Exercise data:
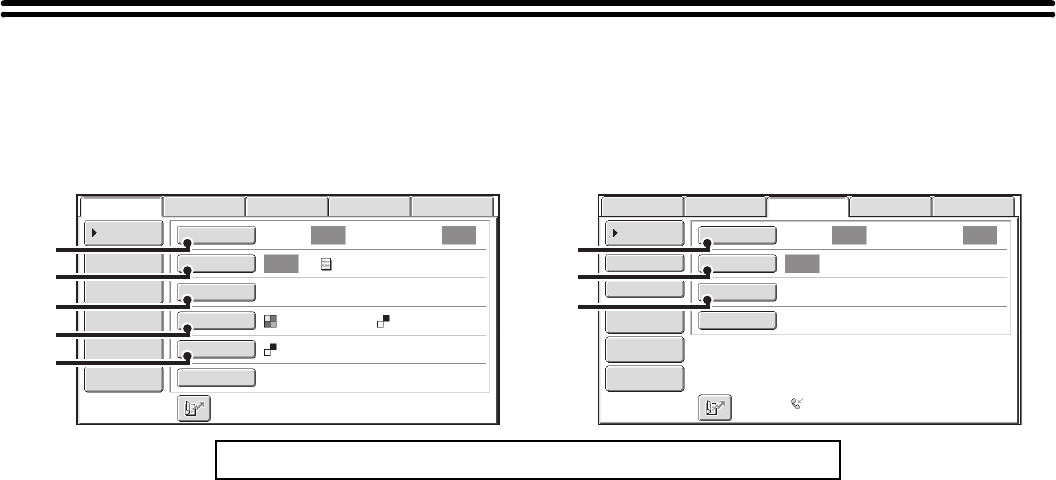 Settings for scanning the original are selected in the base screen of each mode. The current state of each setting
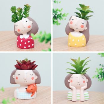 Mini Bonsai Cactus Plant Cute Girl Flower Pot
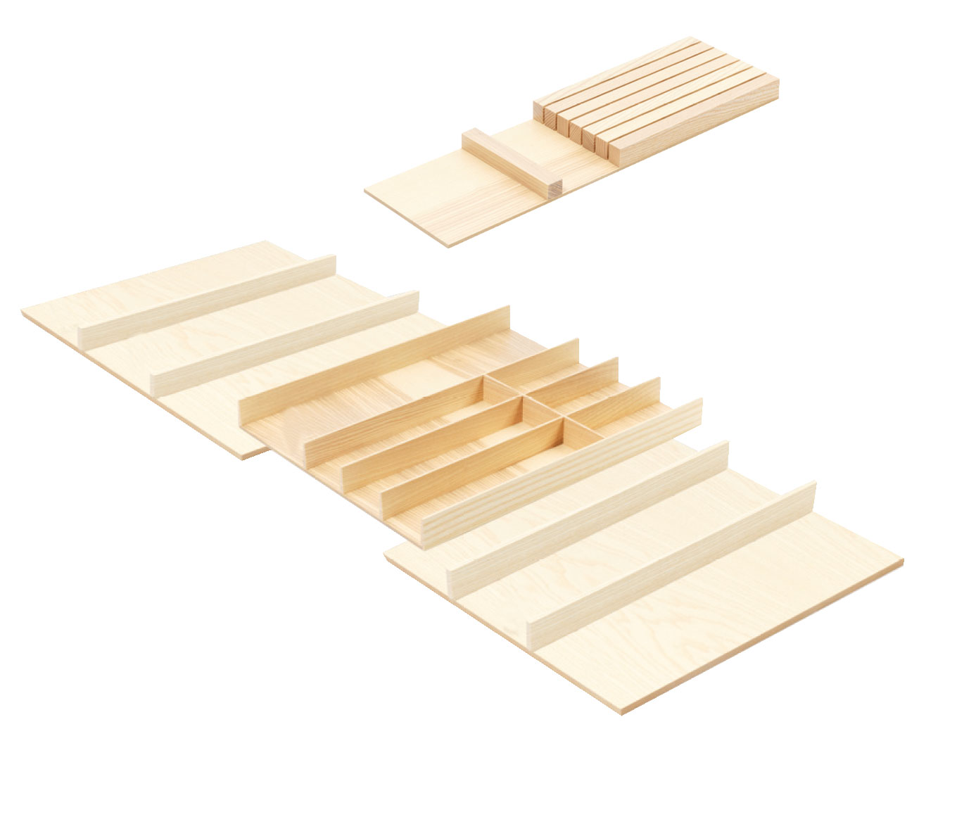 —КОМПЛЕКТ лоток + держатель для ножей, ФайнЛайн Линик 1000-1200 мм, глубина 500 мм, цвет ЯСЕНЬ светлый Kessebohmer
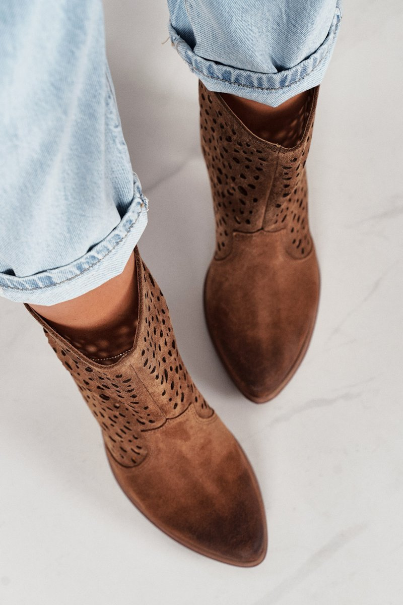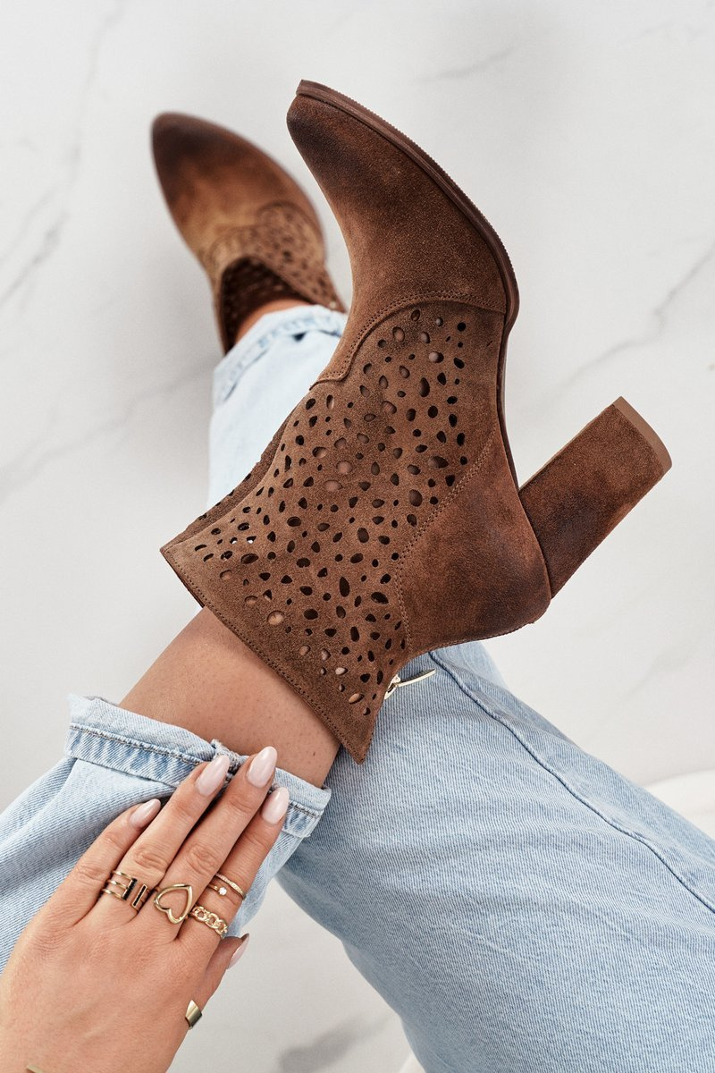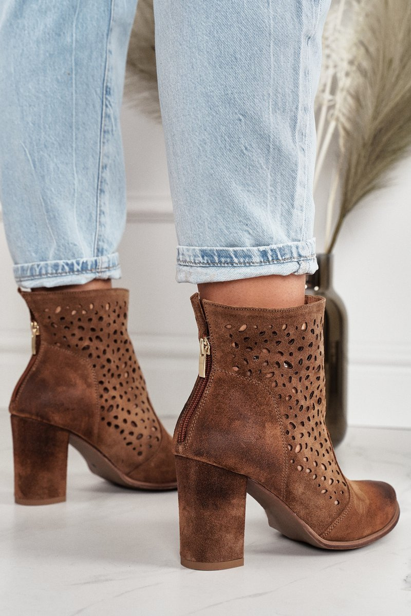 Otvorené topánky na semišovom poste vynikajúce 1219 koňak

Activity:
Exactly the lines from the top of the listing through the line holding "ЯСЕНЬ светлый Kessebohmer" should be repeated, with pictures left out.

Answer box:
 Settings for scanning the original are selected in the base screen of each mode. The current state of each setting
 Mini Bonsai Cactus Plant Cute Girl Flower Pot
 —КОМПЛЕКТ лоток + держатель для ножей, ФайнЛайн Линик 1000-1200 мм, глубина 500 мм, цвет ЯСЕНЬ светлый Kessebohmer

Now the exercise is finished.